17-HittleWhen you think of data that should be protected, health data is typically at the very top. From birthdates to social security numbers, this information, personally identifiable information (PII), is a hacker’s dream. And healthcare data breaches are on the rise, with some recent research showing a 138% increase since 2012. This is a problem not only for health care professionals, but Federal health organizations, too, that require the latest data protection tools.

In a recent blog post, which I encourage you to check out here, Audie Hittle, Chief Technology Officer, EMC Isilon, shares three key areas that organizations should be thinking about when it comes to data protection strategies. Below I’ve highlighted these three ideas:

1) Encryption: Hittle noted that smart agencies will make sure that information is protected from the data center all the way to mobile phones. And more importantly, they’ll be sure to use the correct encryption approach to address a specific requirement, rather than more general solutions.

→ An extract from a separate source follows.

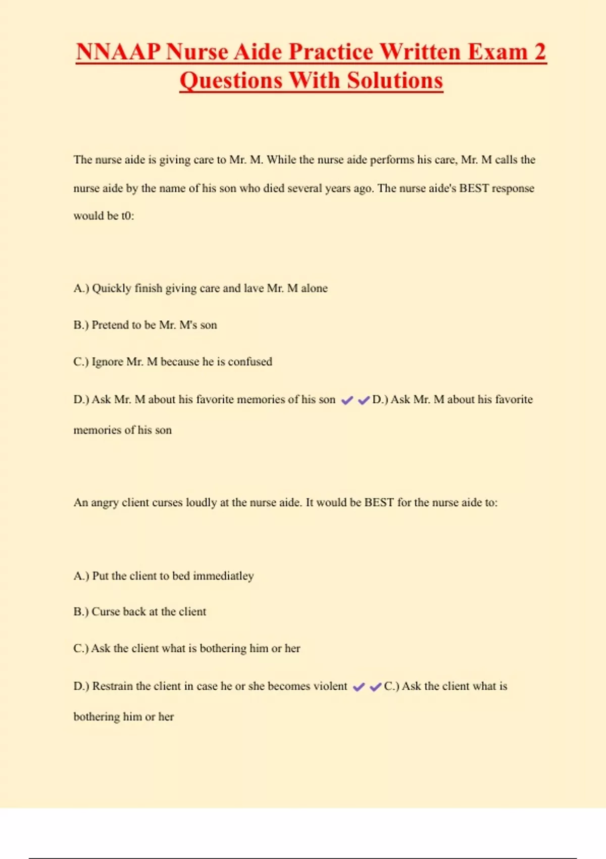 NNAAP Nurse Aide Practice Written Exam 2 Questions With Solutions The nurse aide is giving care to Mr. M. While the nurse aide performs his care, Mr. M calls the nurse aide by the name of his son who died several years ago. The nurse aide's BEST response would be t0: A.) Quickly finish giving care and lave Mr. M alone B.) Pretend to be Mr. M's son C.) Ignore Mr. M because he is confused D.) Ask Mr. M about his favorite memories of his son D.) Ask Mr. M about his favorite memories of his son

2) Disaster Recovery: Disasters, emergencies, and mistakes happen – sometimes out of our control, but nonetheless causing outages. To comply with HIPAA and HITECH regulations, organizations must be able to fully recover these outages within a few hours though — to avoid penalty. According to Hittle, virtualizing IT environments is the answer as it allows mission-critical applications to constantly run.

3) Backup: With sensitive (and a lot) of data, comes the need to back it up. Hittle stressed the importance of a a disk-based, centralized backup system for better control of your data and a greater chance of meeting regulatory requirements.

Obviously, there’s a lot to consider when it comes to protecting health data (or all data). But Hittle’s list is a good start. Be sure to check out his blog here for more information on analytics best practices, health data, and how EMC can help your agency keep its information safe.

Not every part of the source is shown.